» What is expected: Since the records include pictures, leave those out while you reproduce exactly and only the lines from the one containing "特別記念公演の前夜、延暦寺で「不滅の法灯分灯式」" through the one containing "李慕帆同学介绍了2023年习", inclusive.

» Data shown:

Segment Open

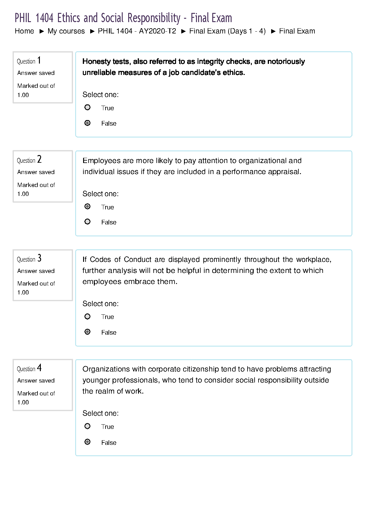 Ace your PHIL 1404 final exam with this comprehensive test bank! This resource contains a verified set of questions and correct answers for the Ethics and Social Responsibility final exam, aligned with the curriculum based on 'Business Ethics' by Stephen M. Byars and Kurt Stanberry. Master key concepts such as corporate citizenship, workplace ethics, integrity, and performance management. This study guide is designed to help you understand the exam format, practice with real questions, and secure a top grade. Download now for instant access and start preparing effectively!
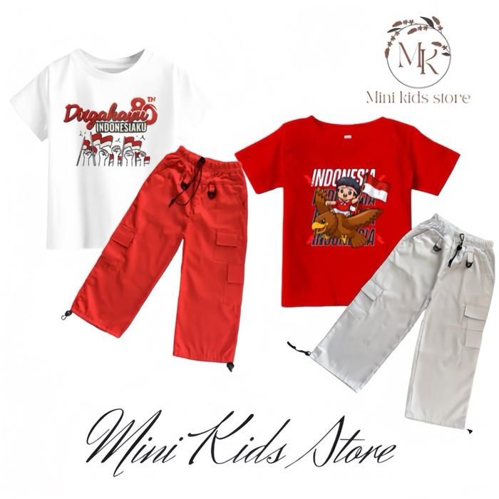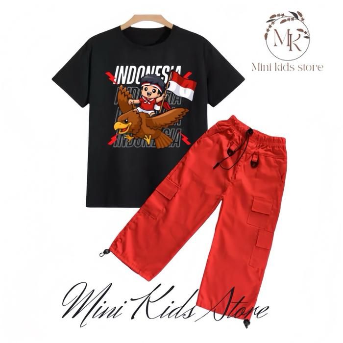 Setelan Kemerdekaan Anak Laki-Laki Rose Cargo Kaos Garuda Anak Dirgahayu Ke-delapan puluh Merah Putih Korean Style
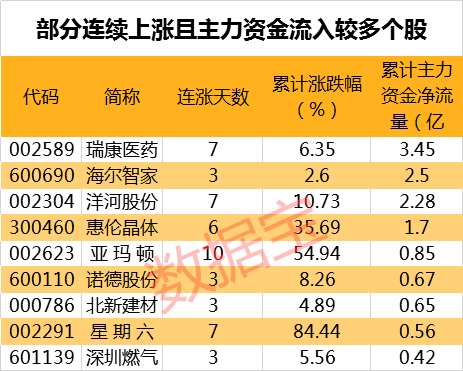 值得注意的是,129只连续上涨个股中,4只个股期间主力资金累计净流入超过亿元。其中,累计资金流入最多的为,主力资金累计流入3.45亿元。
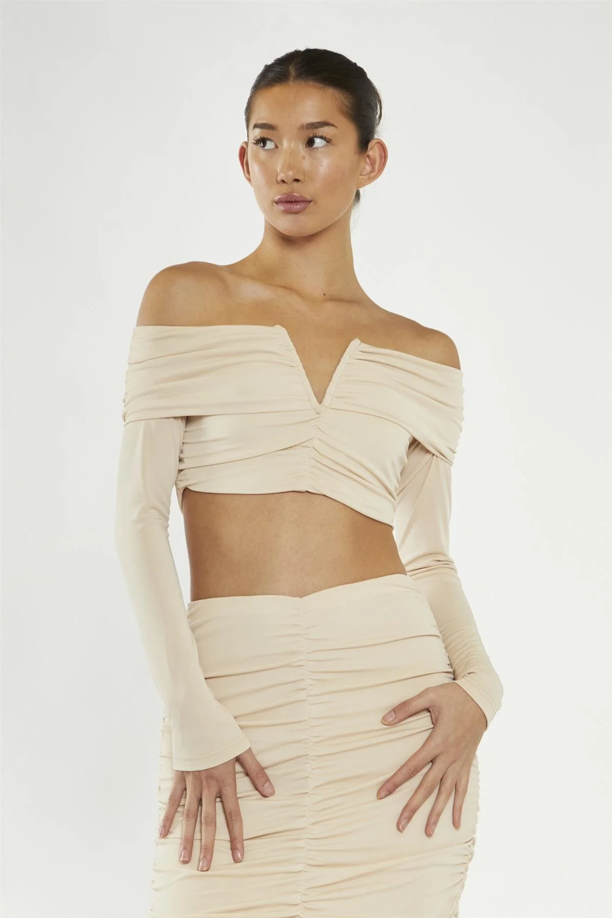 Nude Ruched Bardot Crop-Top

Segment Closed
Segment Open

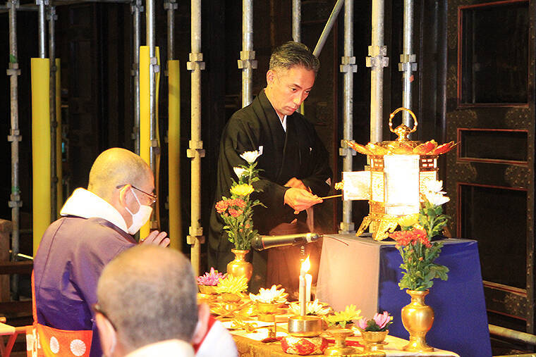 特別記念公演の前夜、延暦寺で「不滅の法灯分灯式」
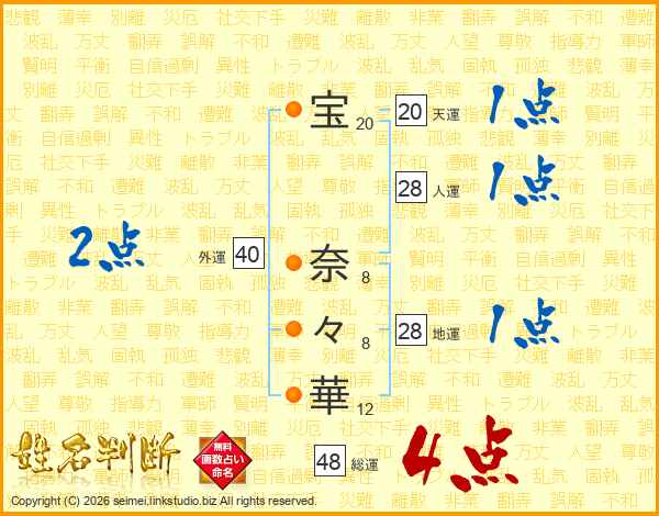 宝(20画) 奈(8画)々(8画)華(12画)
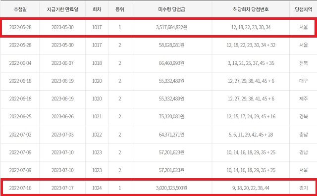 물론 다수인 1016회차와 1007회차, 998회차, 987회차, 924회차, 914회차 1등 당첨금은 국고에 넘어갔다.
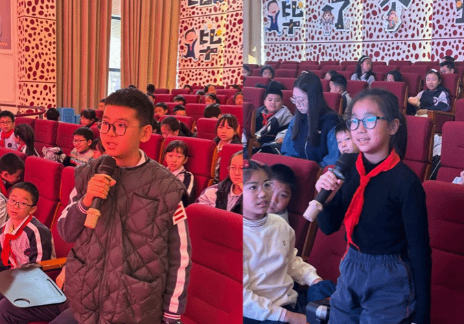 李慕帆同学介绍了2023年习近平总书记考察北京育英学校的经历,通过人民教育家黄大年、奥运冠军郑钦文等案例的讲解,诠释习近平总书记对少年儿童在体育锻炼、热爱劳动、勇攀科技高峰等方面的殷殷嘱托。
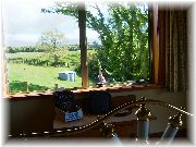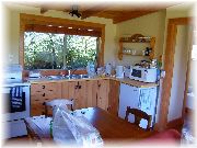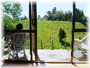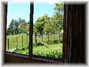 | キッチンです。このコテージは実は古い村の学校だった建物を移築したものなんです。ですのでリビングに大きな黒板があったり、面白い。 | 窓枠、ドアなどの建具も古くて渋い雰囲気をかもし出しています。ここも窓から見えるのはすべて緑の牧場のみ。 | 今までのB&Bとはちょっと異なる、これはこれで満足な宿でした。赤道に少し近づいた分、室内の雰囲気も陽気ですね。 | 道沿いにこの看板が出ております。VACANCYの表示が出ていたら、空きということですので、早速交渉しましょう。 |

Segment Closed

» Your solution:
 特別記念公演の前夜、延暦寺で「不滅の法灯分灯式」
 宝(20画) 奈(8画)々(8画)華(12画)
 물론 다수인 1016회차와 1007회차, 998회차, 987회차, 924회차, 914회차 1등 당첨금은 국고에 넘어갔다.
 李慕帆同学介绍了2023年习近平总书记考察北京育英学校的经历,通过人民教育家黄大年、奥运冠军郑钦文等案例的讲解,诠释习近平总书记对少年儿童在体育锻炼、热爱劳动、勇攀科技高峰等方面的殷殷嘱托。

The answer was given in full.